Data extract START

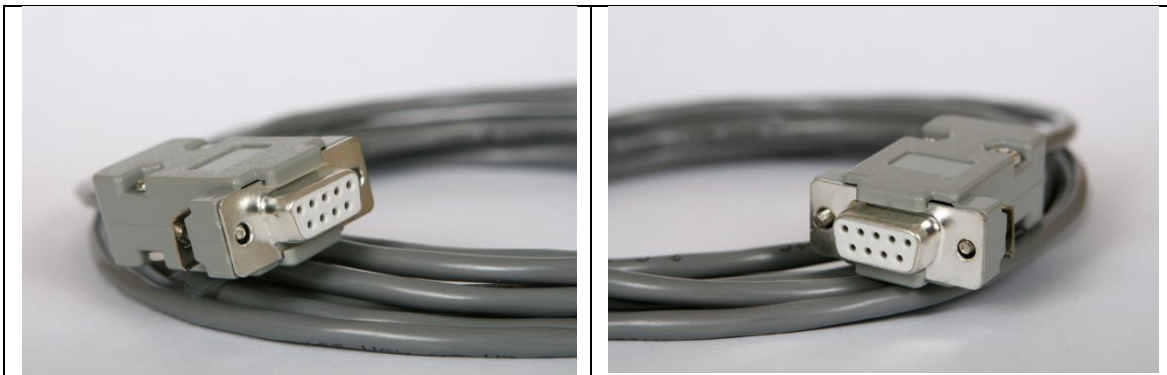
Tango M2 Connection 9 pin female
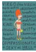
VIRGO (Aug 23-Sep 22)

'Four of Pentacles' says that there is money and prosperity this month. It also indicates that you will be very calculative and evaluating each aspect of the situations. You have to come out of the grid so that positive work takes place. One should not always be disciplined in life rather enjoy the fruits of the hard work done.

Data extract END

To do: Pictures aside, reproduce the listing above exactly.

Output of the exercise:
Tango M2 Connection 9 pin female
VIRGO (Aug 23-Sep 22)

'Four of Pentacles' says that there is money and prosperity this month. It also indicates that you will be very calculative and evaluating each aspect of the situations. You have to come out of the grid so that positive work takes place. One should not always be disciplined in life rather enjoy the fruits of the hard work done.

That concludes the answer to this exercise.